Quote all of the data that follows exactly as written, skipping the images.
Top of DATA SUPPLIED
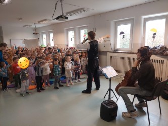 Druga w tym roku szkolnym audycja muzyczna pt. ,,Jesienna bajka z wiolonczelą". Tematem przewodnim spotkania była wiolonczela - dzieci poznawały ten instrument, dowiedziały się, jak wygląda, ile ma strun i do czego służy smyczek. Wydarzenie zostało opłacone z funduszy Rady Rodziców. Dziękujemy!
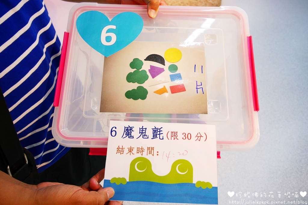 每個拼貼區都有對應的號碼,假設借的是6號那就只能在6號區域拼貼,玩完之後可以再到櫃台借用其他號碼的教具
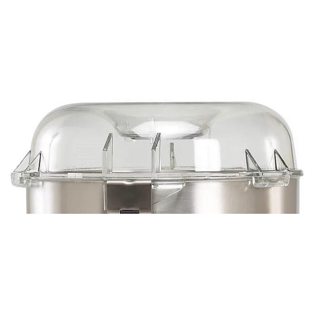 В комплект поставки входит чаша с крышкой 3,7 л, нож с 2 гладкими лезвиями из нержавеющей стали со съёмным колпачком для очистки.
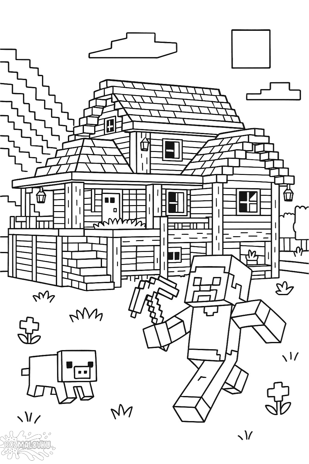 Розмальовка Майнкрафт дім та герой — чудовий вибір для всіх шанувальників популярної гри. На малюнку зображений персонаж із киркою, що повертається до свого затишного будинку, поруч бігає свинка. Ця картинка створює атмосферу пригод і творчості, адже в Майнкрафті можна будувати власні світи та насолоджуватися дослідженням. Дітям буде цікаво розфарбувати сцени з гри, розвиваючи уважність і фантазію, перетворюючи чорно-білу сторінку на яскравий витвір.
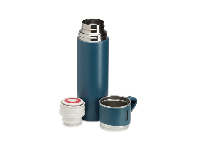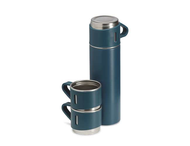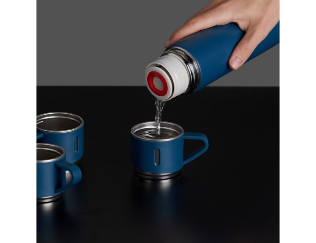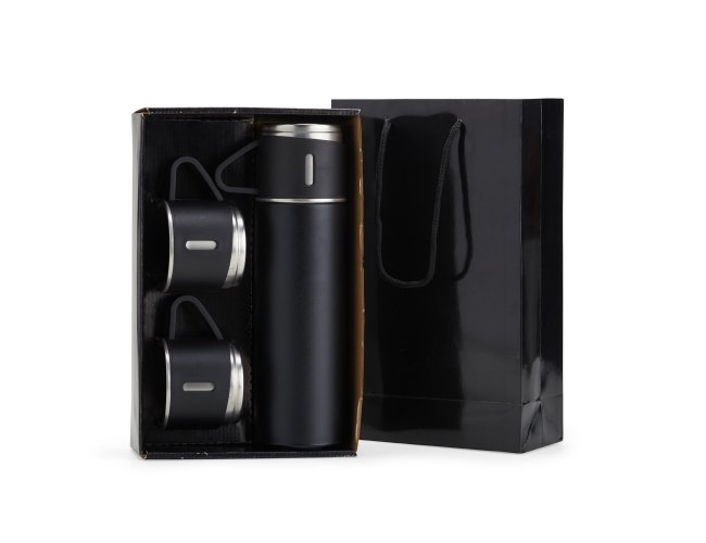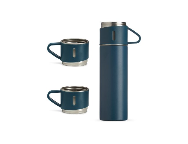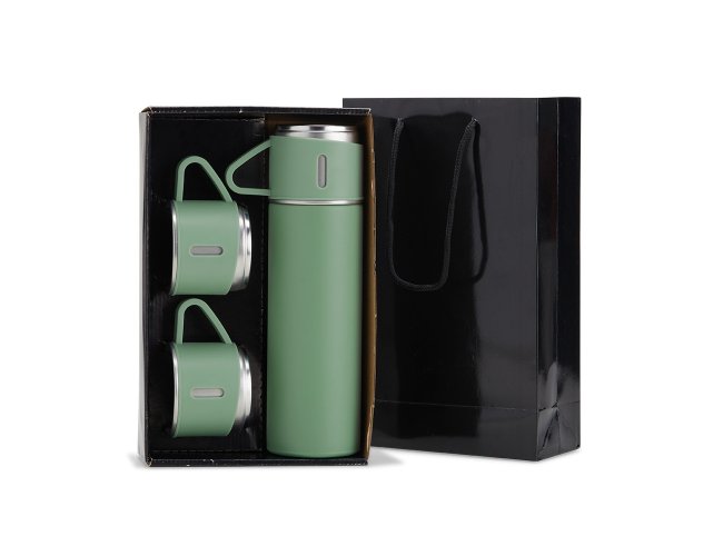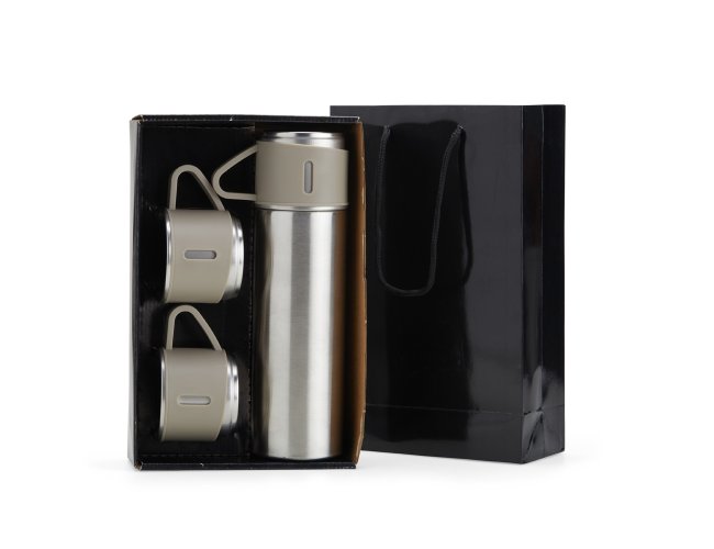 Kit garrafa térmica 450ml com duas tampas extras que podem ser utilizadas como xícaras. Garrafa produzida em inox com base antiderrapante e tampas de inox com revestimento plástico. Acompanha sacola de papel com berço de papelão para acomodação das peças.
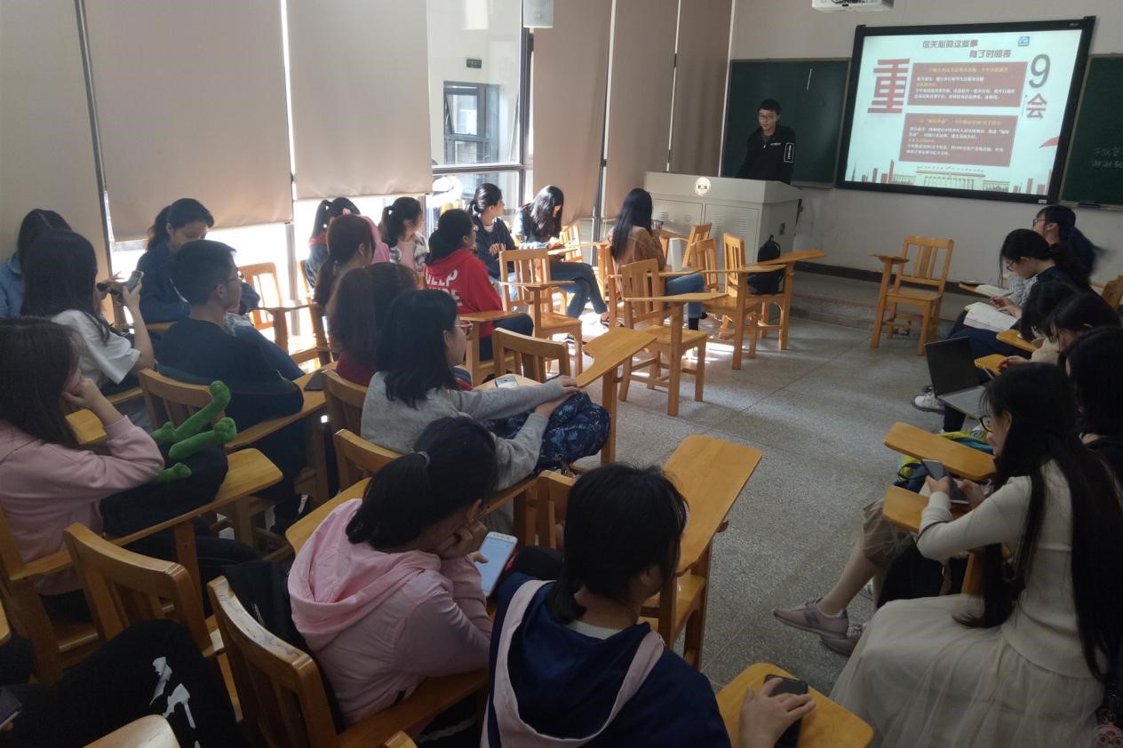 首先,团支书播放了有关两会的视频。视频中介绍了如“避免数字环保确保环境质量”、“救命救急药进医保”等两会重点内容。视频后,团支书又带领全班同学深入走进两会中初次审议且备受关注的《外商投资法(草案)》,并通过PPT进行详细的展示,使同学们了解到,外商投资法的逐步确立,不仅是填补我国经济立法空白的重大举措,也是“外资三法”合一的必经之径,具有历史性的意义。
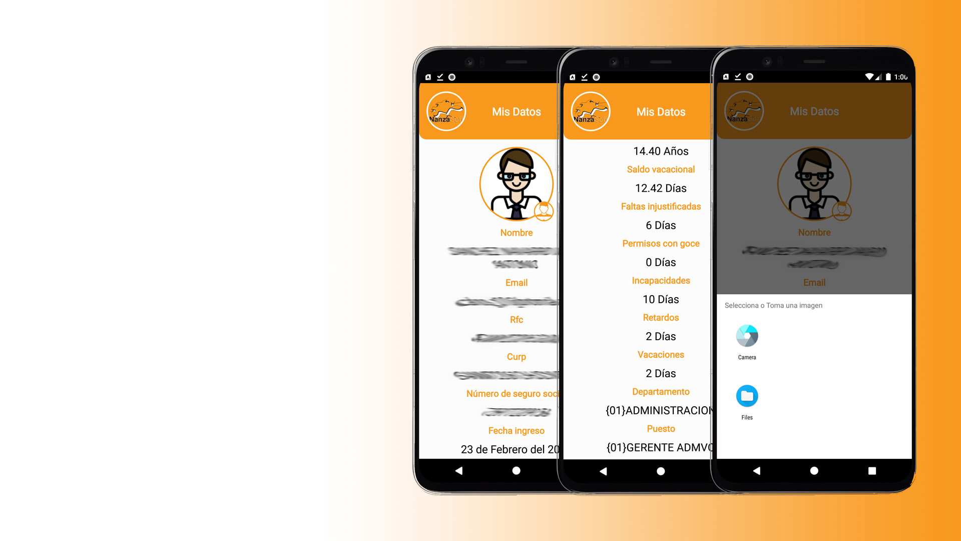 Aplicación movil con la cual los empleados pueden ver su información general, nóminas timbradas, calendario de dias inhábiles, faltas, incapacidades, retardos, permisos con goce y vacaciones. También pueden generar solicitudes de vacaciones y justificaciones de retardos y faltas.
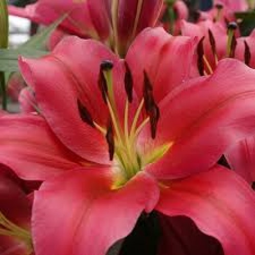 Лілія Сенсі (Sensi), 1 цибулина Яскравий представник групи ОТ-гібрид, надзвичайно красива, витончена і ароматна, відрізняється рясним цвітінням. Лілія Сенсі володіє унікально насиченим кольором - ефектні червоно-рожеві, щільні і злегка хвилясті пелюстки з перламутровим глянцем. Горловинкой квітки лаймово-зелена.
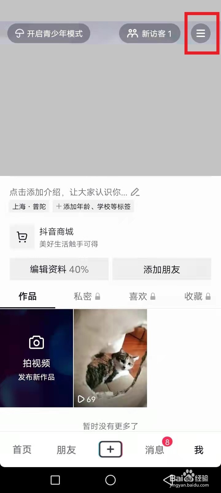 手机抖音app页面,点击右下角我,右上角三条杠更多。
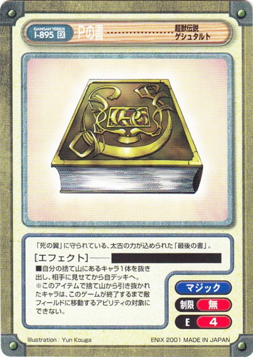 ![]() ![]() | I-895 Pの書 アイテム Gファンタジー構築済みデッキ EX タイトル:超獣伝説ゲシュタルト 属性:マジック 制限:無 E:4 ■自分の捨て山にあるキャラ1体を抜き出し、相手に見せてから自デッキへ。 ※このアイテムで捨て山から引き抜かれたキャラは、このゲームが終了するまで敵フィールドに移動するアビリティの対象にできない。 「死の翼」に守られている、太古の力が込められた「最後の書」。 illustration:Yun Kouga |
Bottom of DATA SUPPLIED
▸ **ANSWER BOX**
 Druga w tym roku szkolnym audycja muzyczna pt. ,,Jesienna bajka z wiolonczelą". Tematem przewodnim spotkania była wiolonczela - dzieci poznawały ten instrument, dowiedziały się, jak wygląda, ile ma strun i do czego służy smyczek. Wydarzenie zostało opłacone z funduszy Rady Rodziców. Dziękujemy!
 每個拼貼區都有對應的號碼,假設借的是6號那就只能在6號區域拼貼,玩完之後可以再到櫃台借用其他號碼的教具
 В комплект поставки входит чаша с крышкой 3,7 л, нож с 2 гладкими лезвиями из нержавеющей стали со съёмным колпачком для очистки.
 Розмальовка Майнкрафт дім та герой — чудовий вибір для всіх шанувальників популярної гри. На малюнку зображений персонаж із киркою, що повертається до свого затишного будинку, поруч бігає свинка. Ця картинка створює атмосферу пригод і творчості, адже в Майнкрафті можна будувати власні світи та насолоджуватися дослідженням. Дітям буде цікаво розфарбувати сцени з гри, розвиваючи уважність і фантазію, перетворюючи чорно-білу сторінку на яскравий витвір.
 Kit garrafa térmica 450ml com duas tampas extras que podem ser utilizadas como xícaras. Garrafa produzida em inox com base antiderrapante e tampas de inox com revestimento plástico. Acompanha sacola de papel com berço de papelão para acomodação das peças.
 首先,团支书播放了有关两会的视频。视频中介绍了如“避免数字环保确保环境质量”、“救命救急药进医保”等两会重点内容。视频后,团支书又带领全班同学深入走进两会中初次审议且备受关注的《外商投资法(草案)》,并通过PPT进行详细的展示,使同学们了解到,外商投资法的逐步确立,不仅是填补我国经济立法空白的重大举措,也是“外资三法”合一的必经之径,具有历史性的意义。
 Aplicación movil con la cual los empleados pueden ver su información general, nóminas timbradas, calendario de dias inhábiles, faltas, incapacidades, retardos, permisos con goce y vacaciones. También pueden generar solicitudes de vacaciones y justificaciones de retardos y faltas.
 Лілія Сенсі (Sensi), 1 цибулина Яскравий представник групи ОТ-гібрид, надзвичайно красива, витончена і ароматна, відрізняється рясним цвітінням. Лілія Сенсі володіє унікально насиченим кольором - ефектні червоно-рожеві, щільні і злегка хвилясті пелюстки з перламутровим глянцем. Горловинкой квітки лаймово-зелена.
 手机抖音app页面,点击右下角我,右上角三条杠更多。
 ![]() ![]() | I-895 Pの書 アイテム Gファンタジー構築済みデッキ EX タイトル:超獣伝説ゲシュタルト 属性:マジック 制限:無 E:4 ■自分の捨て山にあるキャラ1体を抜き出し、相手に見せてから自デッキへ。 ※このアイテムで捨て山から引き抜かれたキャラは、このゲームが終了するまで敵フィールドに移動するアビリティの対象にできない。 「死の翼」に守られている、太古の力が込められた「最後の書」。 illustration:Yun Kouga |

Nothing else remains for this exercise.